## INPUT DATA
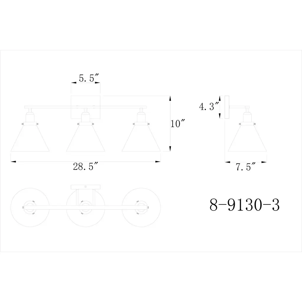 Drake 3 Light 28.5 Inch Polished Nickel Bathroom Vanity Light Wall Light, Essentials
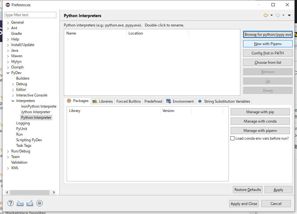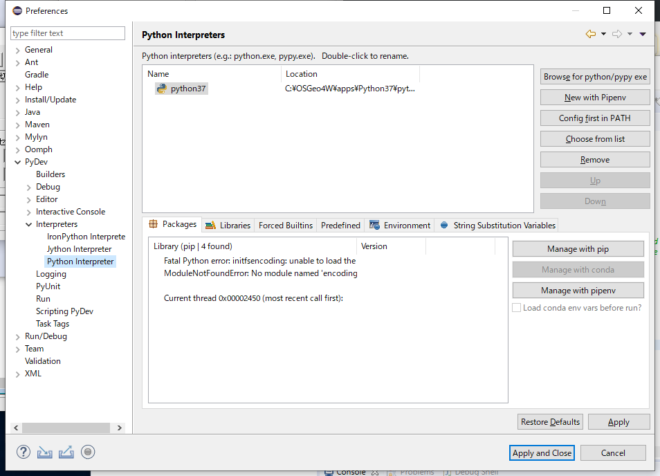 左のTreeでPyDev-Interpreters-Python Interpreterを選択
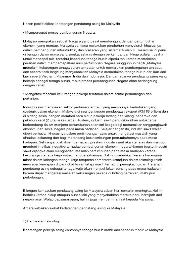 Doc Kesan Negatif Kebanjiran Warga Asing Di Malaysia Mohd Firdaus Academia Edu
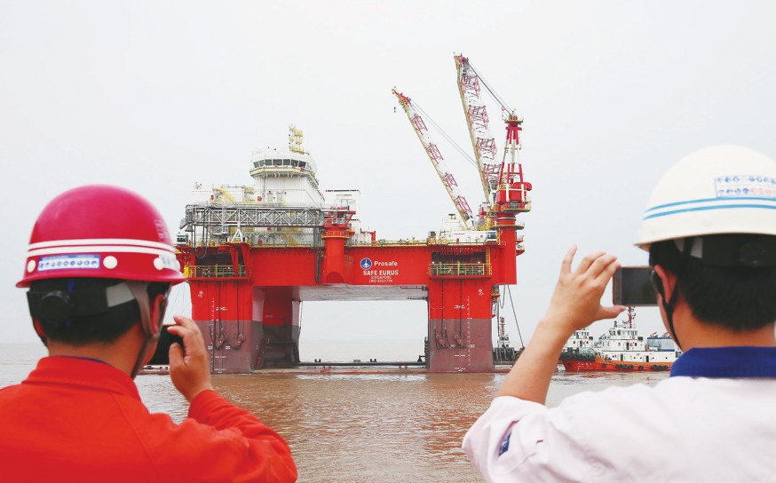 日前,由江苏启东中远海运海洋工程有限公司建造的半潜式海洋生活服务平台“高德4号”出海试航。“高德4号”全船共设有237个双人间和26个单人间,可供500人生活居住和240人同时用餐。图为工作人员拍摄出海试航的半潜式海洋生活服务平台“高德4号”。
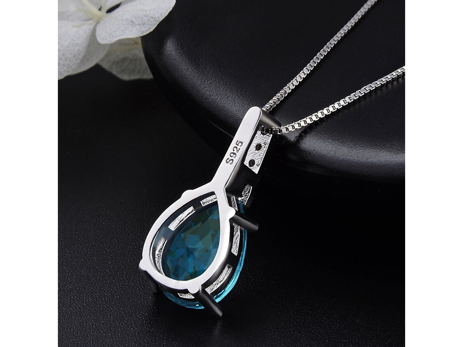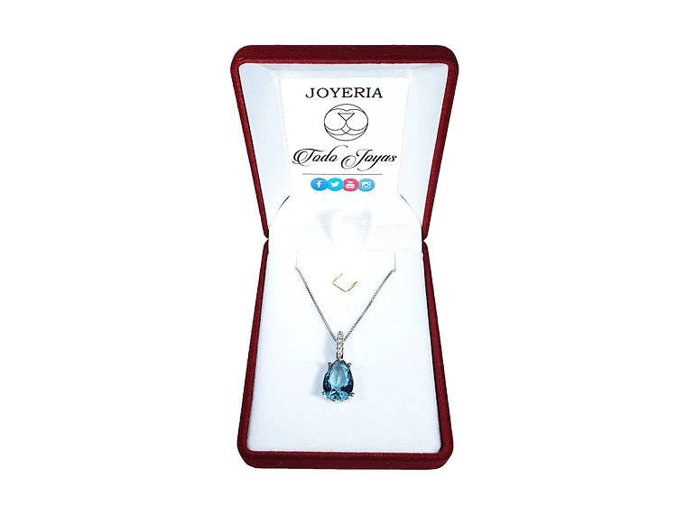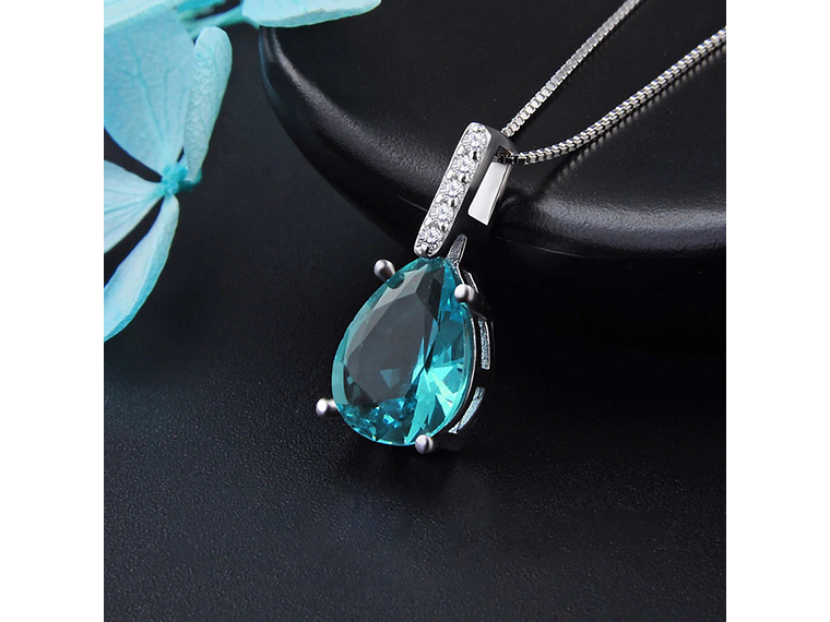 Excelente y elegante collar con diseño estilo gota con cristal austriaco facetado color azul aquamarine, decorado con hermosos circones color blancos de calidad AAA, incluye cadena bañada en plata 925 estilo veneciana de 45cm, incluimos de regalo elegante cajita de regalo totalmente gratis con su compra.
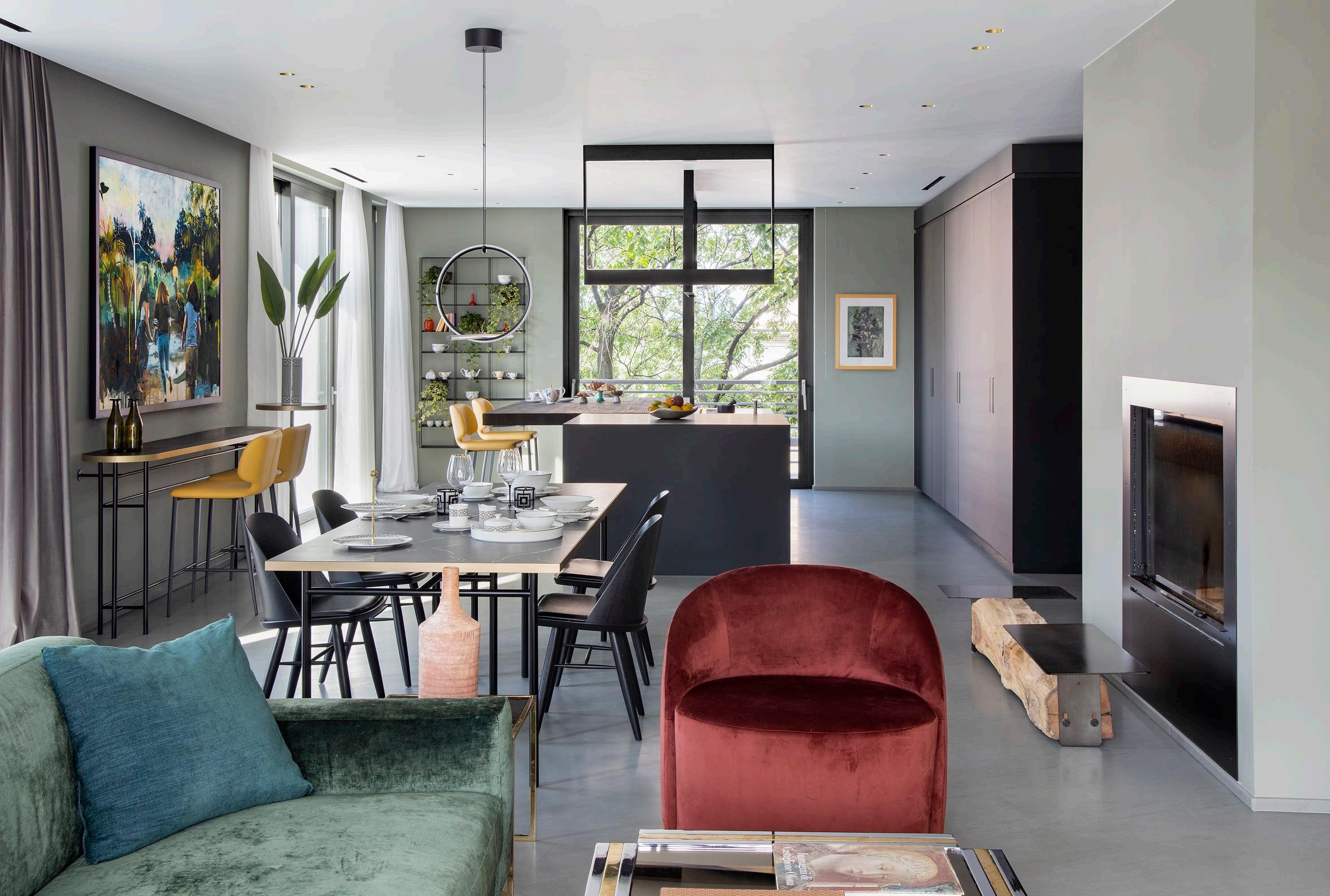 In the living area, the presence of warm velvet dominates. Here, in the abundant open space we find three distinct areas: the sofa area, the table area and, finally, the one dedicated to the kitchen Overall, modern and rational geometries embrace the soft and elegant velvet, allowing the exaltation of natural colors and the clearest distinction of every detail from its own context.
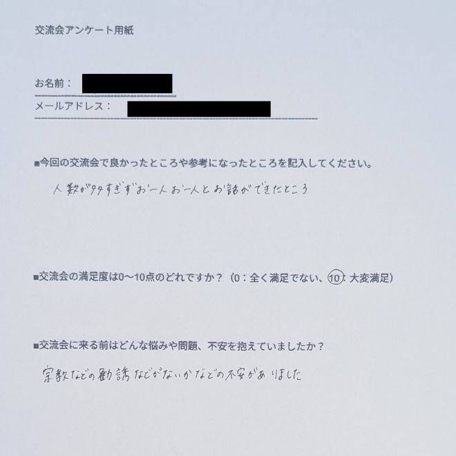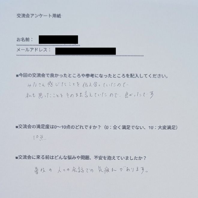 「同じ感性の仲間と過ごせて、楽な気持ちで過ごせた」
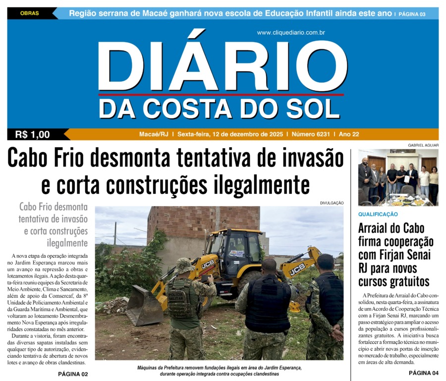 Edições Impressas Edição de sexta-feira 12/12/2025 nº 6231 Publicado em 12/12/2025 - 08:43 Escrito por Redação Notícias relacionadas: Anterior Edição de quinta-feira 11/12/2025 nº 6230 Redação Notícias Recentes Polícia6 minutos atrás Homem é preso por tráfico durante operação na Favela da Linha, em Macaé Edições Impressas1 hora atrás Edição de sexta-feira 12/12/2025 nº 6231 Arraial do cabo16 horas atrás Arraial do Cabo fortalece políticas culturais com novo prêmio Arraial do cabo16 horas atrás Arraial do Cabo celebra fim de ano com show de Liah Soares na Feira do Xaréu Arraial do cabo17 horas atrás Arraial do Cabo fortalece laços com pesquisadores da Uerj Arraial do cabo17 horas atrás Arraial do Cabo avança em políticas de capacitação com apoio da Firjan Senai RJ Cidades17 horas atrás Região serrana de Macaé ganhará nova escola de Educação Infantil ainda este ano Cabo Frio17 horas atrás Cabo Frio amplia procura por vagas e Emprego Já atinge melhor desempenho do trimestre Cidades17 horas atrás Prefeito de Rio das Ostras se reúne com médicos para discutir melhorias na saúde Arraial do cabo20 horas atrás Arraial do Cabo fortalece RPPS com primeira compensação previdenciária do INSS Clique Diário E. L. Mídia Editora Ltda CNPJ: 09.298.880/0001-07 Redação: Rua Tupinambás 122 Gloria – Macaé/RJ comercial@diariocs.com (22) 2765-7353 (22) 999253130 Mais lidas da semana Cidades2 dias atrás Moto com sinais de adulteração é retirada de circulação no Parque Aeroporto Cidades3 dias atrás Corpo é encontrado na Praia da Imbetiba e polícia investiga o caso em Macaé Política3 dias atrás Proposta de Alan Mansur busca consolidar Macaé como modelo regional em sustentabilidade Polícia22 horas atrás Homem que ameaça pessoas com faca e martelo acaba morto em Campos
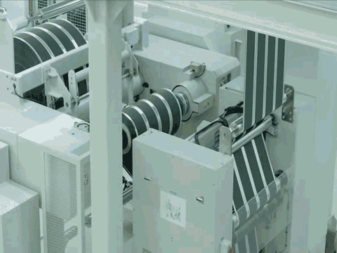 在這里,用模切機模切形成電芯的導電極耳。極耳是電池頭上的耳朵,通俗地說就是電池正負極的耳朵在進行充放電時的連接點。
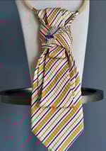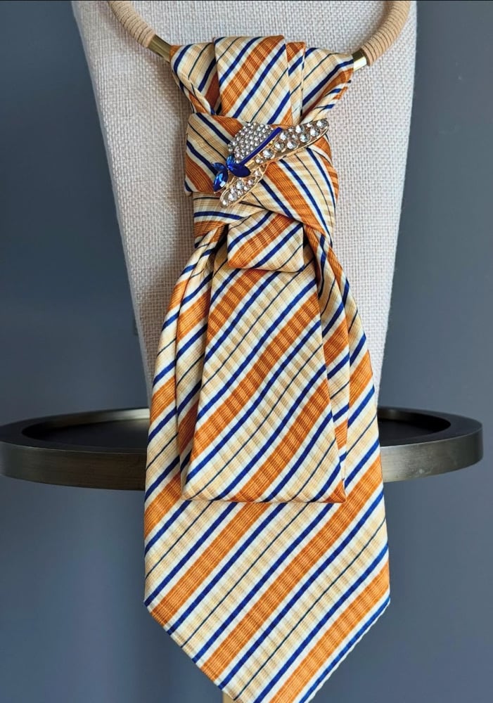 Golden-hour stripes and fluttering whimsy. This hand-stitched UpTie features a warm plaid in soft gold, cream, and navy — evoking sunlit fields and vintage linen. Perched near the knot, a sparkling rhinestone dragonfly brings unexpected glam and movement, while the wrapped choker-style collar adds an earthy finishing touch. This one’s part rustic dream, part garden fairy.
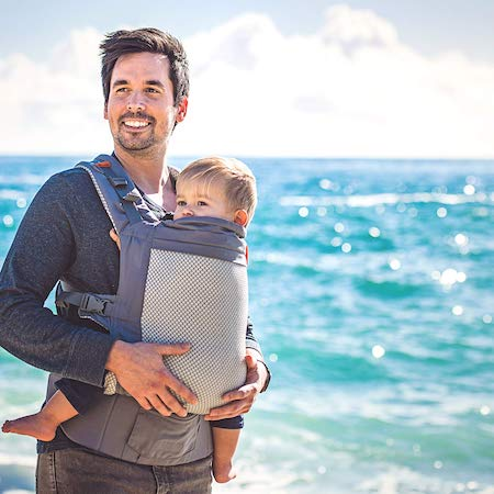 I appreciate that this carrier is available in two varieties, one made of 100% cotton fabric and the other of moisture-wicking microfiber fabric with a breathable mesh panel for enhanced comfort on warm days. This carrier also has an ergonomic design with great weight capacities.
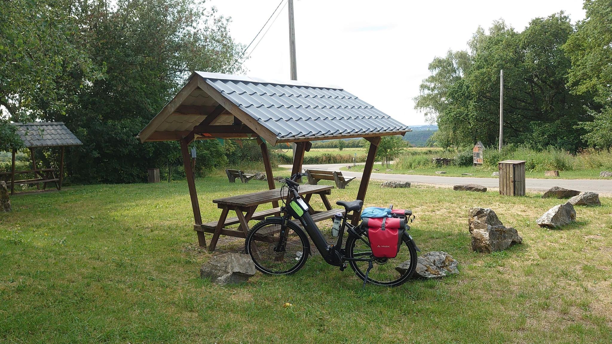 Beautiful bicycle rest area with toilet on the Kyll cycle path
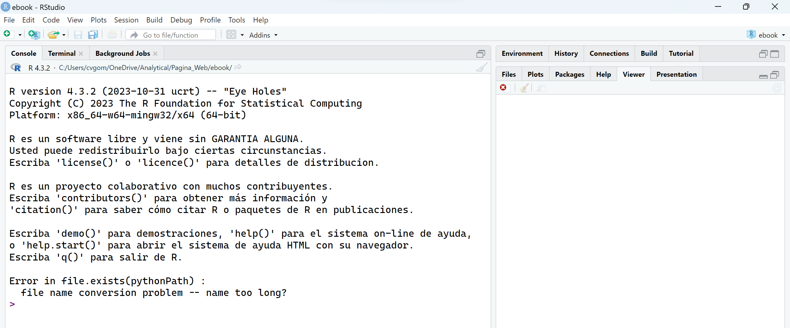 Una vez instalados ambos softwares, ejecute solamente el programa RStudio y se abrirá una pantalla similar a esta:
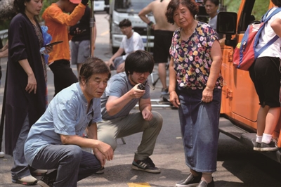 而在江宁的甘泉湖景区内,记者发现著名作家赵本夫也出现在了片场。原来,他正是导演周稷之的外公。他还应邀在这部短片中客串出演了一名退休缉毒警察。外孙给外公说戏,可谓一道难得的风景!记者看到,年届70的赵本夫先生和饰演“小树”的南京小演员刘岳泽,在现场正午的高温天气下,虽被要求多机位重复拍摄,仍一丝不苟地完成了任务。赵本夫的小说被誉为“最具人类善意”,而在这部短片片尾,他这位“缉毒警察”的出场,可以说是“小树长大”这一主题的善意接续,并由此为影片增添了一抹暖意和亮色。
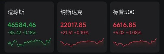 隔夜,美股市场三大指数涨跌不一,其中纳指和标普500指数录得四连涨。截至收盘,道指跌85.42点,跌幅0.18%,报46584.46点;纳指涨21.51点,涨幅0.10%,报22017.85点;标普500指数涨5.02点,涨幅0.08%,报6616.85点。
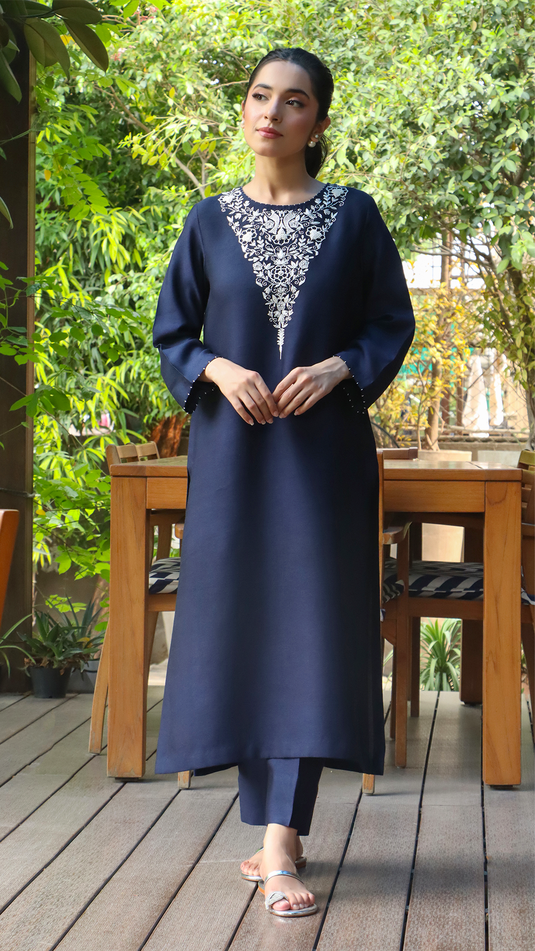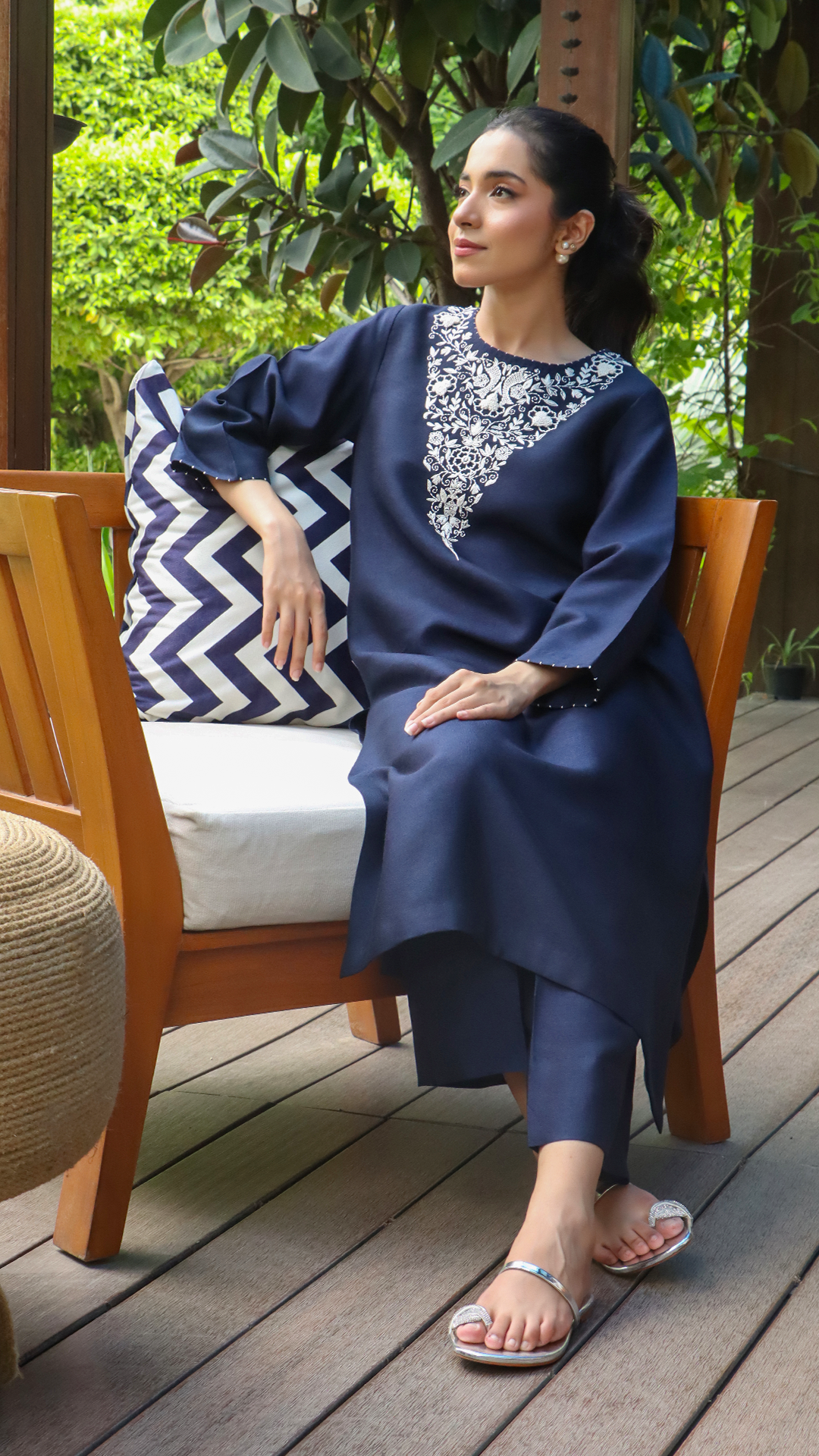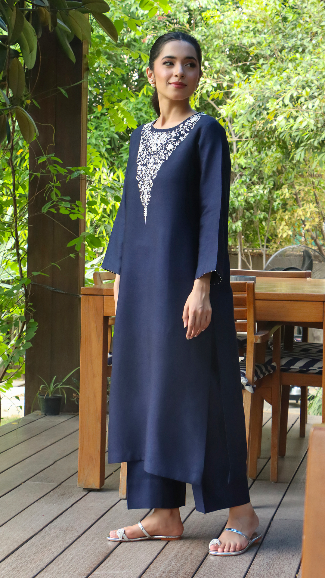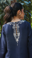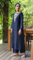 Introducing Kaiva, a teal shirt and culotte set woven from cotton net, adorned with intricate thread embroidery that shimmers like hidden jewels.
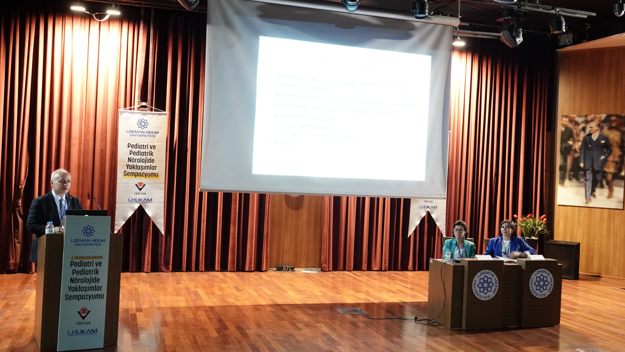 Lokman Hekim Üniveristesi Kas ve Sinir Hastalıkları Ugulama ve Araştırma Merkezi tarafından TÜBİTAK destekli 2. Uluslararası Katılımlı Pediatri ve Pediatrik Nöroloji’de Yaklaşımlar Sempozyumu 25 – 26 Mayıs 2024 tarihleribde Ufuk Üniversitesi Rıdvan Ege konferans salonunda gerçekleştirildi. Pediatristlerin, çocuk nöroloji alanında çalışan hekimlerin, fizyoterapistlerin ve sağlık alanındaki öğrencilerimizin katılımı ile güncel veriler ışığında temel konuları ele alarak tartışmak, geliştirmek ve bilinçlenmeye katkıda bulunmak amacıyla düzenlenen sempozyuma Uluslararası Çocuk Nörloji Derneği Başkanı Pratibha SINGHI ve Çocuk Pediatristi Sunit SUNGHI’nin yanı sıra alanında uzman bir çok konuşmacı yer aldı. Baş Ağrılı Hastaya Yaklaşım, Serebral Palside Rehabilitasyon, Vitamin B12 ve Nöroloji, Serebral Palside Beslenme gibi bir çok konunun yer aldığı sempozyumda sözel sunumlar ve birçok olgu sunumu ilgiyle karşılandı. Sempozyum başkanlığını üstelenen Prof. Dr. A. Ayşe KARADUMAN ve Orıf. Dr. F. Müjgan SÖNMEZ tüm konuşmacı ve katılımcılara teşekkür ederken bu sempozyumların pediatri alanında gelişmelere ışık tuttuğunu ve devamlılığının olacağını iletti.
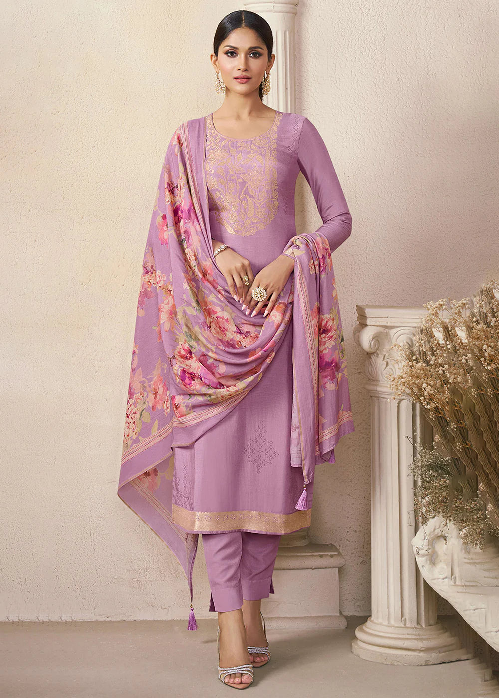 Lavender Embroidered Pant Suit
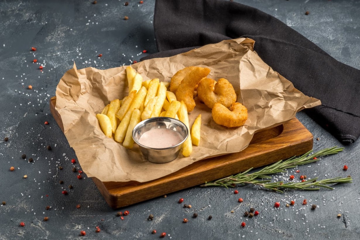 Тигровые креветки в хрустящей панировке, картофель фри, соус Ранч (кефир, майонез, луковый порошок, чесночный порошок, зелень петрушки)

## ASSIGNMENT
Write out, exactly and with no pictures, the lines of the data from the first through the line containing "Excelente y elegante".

## TASK RESULT
 Drake 3 Light 28.5 Inch Polished Nickel Bathroom Vanity Light Wall Light, Essentials
 左のTreeでPyDev-Interpreters-Python Interpreterを選択
 Doc Kesan Negatif Kebanjiran Warga Asing Di Malaysia Mohd Firdaus Academia Edu
 日前,由江苏启东中远海运海洋工程有限公司建造的半潜式海洋生活服务平台“高德4号”出海试航。“高德4号”全船共设有237个双人间和26个单人间,可供500人生活居住和240人同时用餐。图为工作人员拍摄出海试航的半潜式海洋生活服务平台“高德4号”。
 Excelente y elegante collar con diseño estilo gota con cristal austriaco facetado color azul aquamarine, decorado con hermosos circones color blancos de calidad AAA, incluye cadena bañada en plata 925 estilo veneciana de 45cm, incluimos de regalo elegante cajita de regalo totalmente gratis con su compra.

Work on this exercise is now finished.